Sammler

Die junge englische Kunsthistorikerin Victoria Coltman, die jetzt auf dem Bucheinband Vicci Coltman heißt, hatte von der Henry Moore Stiftung 30.000 Pfund als post-doctoral research grant bekommen, um ihre Dissertation zu einem Buch zu erweitern. Die Stiftung und das Courtauld Institute können mit dem Ergebnis zufrieden sein, denn es ist etwas sehr Substantielles dabei herausgekommen.

Das Buch ist dem Klassiker von Haskell und Penny Taste and the Antique: The lure of classical sculpture 1500-1900 ähnlich, konzentriert sich allerdings nur auf das 18. Jahrhundert in England. Obgleich das Buch sicher auch die einzelnen Skulpturen würdigt, liegt das Hauptinteresse der Autorin darauf, eine Sozialgeschichte der culture of collecting zu schreiben. Und so werden dann auch die großen Sammler wie Charles Townley und Lord Lansdowne gewürdigt, ebenso wie die Maler und Händler Gavin Hamilton und Thomas Jenkins, die jetzt von Rom aus die englische Upper Class mit antikem Marmor versorgen.
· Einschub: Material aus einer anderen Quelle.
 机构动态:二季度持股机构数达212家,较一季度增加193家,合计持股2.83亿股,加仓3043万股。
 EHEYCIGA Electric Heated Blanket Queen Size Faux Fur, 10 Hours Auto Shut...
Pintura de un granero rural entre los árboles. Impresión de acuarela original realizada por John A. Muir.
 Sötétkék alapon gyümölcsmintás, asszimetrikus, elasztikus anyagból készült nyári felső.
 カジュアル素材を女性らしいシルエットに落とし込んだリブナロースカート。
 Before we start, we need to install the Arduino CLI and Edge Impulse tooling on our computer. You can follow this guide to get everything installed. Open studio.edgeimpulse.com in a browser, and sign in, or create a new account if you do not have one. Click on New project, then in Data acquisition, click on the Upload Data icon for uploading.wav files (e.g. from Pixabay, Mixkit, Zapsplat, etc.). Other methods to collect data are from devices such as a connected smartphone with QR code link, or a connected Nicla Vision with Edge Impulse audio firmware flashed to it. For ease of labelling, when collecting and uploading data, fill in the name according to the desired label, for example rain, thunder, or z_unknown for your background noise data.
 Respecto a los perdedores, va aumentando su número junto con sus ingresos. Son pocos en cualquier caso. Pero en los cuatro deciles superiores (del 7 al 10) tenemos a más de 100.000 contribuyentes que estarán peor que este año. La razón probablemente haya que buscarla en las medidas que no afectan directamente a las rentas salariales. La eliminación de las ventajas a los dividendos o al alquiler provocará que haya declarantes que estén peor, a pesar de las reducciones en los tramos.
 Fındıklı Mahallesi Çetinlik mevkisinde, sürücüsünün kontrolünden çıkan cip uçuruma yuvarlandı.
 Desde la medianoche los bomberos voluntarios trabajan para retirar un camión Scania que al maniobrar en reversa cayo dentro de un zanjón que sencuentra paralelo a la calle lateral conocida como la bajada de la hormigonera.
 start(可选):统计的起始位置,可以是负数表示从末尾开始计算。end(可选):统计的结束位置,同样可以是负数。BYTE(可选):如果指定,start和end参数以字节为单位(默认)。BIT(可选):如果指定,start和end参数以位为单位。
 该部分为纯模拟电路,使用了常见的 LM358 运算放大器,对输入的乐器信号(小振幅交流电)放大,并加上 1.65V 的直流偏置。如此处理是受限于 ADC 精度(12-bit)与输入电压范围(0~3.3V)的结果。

Das sehr gut geschriebene Buch enthält mehr als hundert Illustrationen, hat natürlich einen Index und eine sehr ausführliche Bibliographie. Und leserfreundlich die Fußnoten auf der gleichen Seite. Für Kunsthistoriker, die sich mit dieser Zeit beschäftigen, ist es sicher ein Muss, aber auch für den gebildeten Laien gibt das Buch ein faszinierendes Bild der englischen Oberklasse, die jetzt dem Neoklassizismus verfallen ist.